I was stopped in my tracks this morning when my clever and funny husband pointed to the top of a car we were passing on our walk. The beads of water that had collected after last night’s kiss of needed moisture were crazed with ice, and a thick layer of frost grew up all around. “Look,” he said, “it’s a White Christmas!” A few steps later, we came across a drain in a park where the edges of every weed were laced with white, a thin sheet of ice, almost square, formed by tentative, jagged crystals. “I wish I’d brought a camera,” I said. He pointed to his mighty cranium. Take a brain picture. Good thing I’m a writer, huh?

I’ve been challenged, lately. So much to do, so many things fighting for my attention.
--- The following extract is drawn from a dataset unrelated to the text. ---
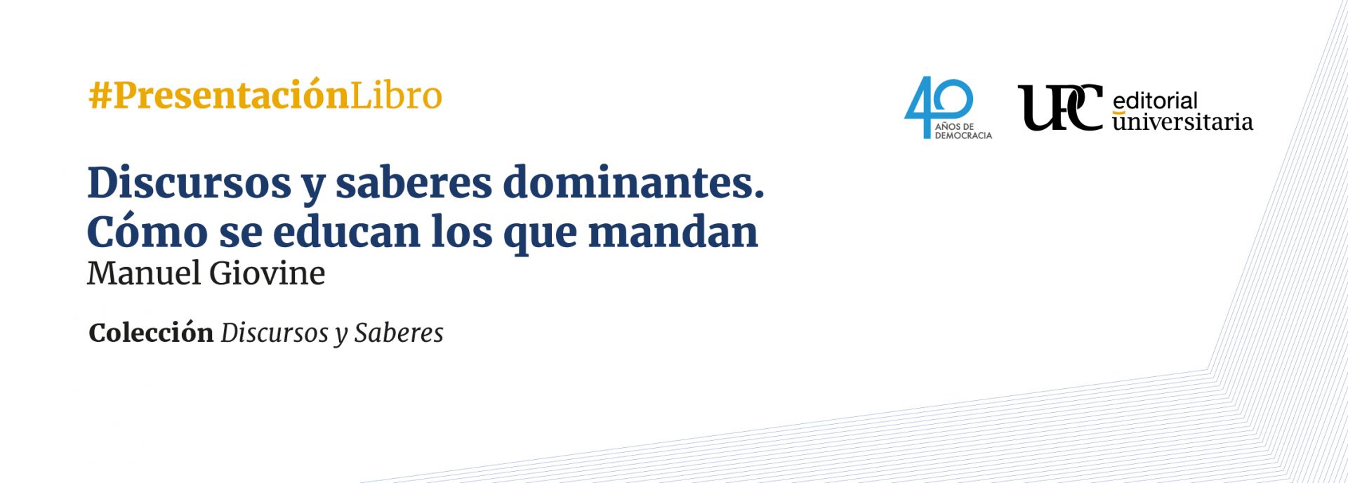 El jueves 8 de junio a las 15:30 hs Argentina y en modalidad virtual, la colección Discursos y Saberes, nacida de la conjunción de esfuerzos de dos universidades públicas (UNC y UPC), vuelve al ruedo y al territorio, esta vez para presentar el libro de Manuel Giovine.

During NaNoWriMo, I only wrote about a sentence a day (if that) on the sequel to The Souls of Her Feet. I was feeling blocked because of all this drama with my other book, The Bullying Antidote, which posed its own very interesting creative problem, which demanded a lot more work. (Thank you to my donors!!!!)
2015-12-15 14.06.52.jpgWhile managing the huge new undertaking of the Zorgos Project, I somehow also managed to manage all the minutiae of a festive holiday season—family dinners, costume changes, homemade treats, performances, parties and packages full of happiness—without falling apart more than once or twice. Somewhere in there, I realized my fall goal of redesigning my platform could not be achieved without some deeper attention to my focus, or lack thereof. Every time I started to work on the business plan I so desperately need to write, though, there were those questions again: What are your values? What are your needs? What is your mission? What is your vision? 
If I were doing this writing thing right, I’d be posting every week about my various accomplishments, like how my first flash fiction story, Vino Vidi Vesuvia, was published in November in the online literary journal, Doorknobs and Body Paint (Pandemonium Press). I’d have an agent and a focus and a plan.

But I don’t always do things right. As an artist, I follow my creative impulses and complete as much as possible by the highest standards I can muster before being swept away by another inspiration or calling. To illustrate (I love illustrating), here’s a little speech I gave to my writer’s group on a year of trying to keep up with my muses…

[http://www.youtube.com/watch?v=fNRd44PNZkA]

I mentioned a Christmas miracle…

There really was one. I was at midnight mass last night, singing my heart out on the Glorias and Hosannas while a praise dancer was waving a baby Jesus  around, and boing, I knew my mission, loud and clear. It was so obvious. I had been looking for something more noble, more lofty, more clever or inspired. But it’s the same mission I’ve always had, the same one I’ve always struggled with and soared with. There it was under my chair like the Holy Grail. It goes something like this:

I use my voice in all its complexity to illuminate, inspire, and aMUSE. 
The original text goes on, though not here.